Provided data Start Marker

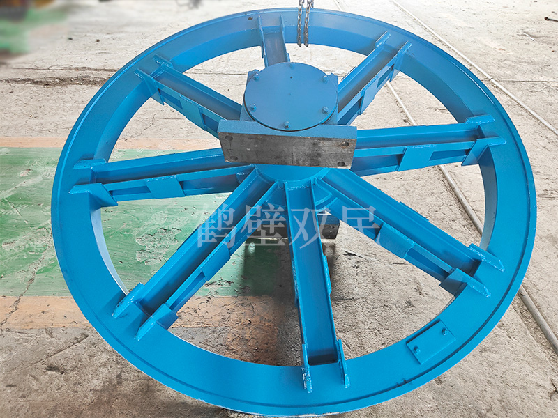 3、鑿井天輪用于立井鑿時(shí)懸吊吊盤及穩(wěn)繩。
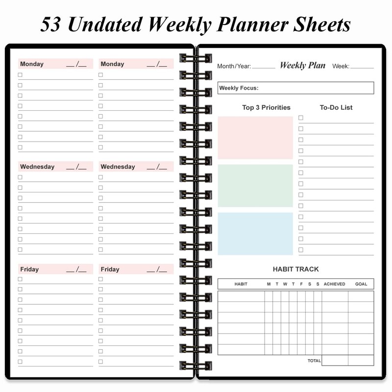 - WEEKLY - Planner with 53 sheets/106 pages for 1 yearly, improve your productivity with this daily organizer. Easy portability for daily use at work, home, school, or during travel
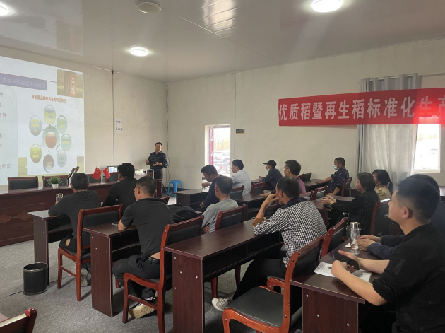 在羅山縣農業(yè)農村局組織舉辦的農業(yè)技能培訓會(huì )上,省科技特派員服務(wù)團隊為種植大戶(hù)作了《豫南水稻綠色優(yōu)質(zhì)高效栽培技術(shù)》的技術(shù)講座。從品種、稻田環(huán)境、不同育秧方式選擇、水肥管理、病蟲(chóng)害的綠色防控等多個(gè)生產(chǎn)環(huán)節詳細的講解了優(yōu)質(zhì)稻的標準化生產(chǎn)技術(shù),論述了豫南稻區種植再生稻、優(yōu)質(zhì)稻的區域優(yōu)勢和效益優(yōu)勢,鼓勵種田大戶(hù)用科學(xué)的方法生產(chǎn)優(yōu)質(zhì)稻、再生稻,把好的區域優(yōu)勢轉換為產(chǎn)量與效益優(yōu)勢。

Provided data End Marker

Without the pictures, copy the material exactly as given.

 3、鑿井天輪用于立井鑿時(shí)懸吊吊盤及穩(wěn)繩。
 - WEEKLY - Planner with 53 sheets/106 pages for 1 yearly, improve your productivity with this daily organizer. Easy portability for daily use at work, home, school, or during travel
 在羅山縣農業(yè)農村局組織舉辦的農業(yè)技能培訓會(huì )上,省科技特派員服務(wù)團隊為種植大戶(hù)作了《豫南水稻綠色優(yōu)質(zhì)高效栽培技術(shù)》的技術(shù)講座。從品種、稻田環(huán)境、不同育秧方式選擇、水肥管理、病蟲(chóng)害的綠色防控等多個(gè)生產(chǎn)環(huán)節詳細的講解了優(yōu)質(zhì)稻的標準化生產(chǎn)技術(shù),論述了豫南稻區種植再生稻、優(yōu)質(zhì)稻的區域優(yōu)勢和效益優(yōu)勢,鼓勵種田大戶(hù)用科學(xué)的方法生產(chǎn)優(yōu)質(zhì)稻、再生稻,把好的區域優(yōu)勢轉換為產(chǎn)量與效益優(yōu)勢。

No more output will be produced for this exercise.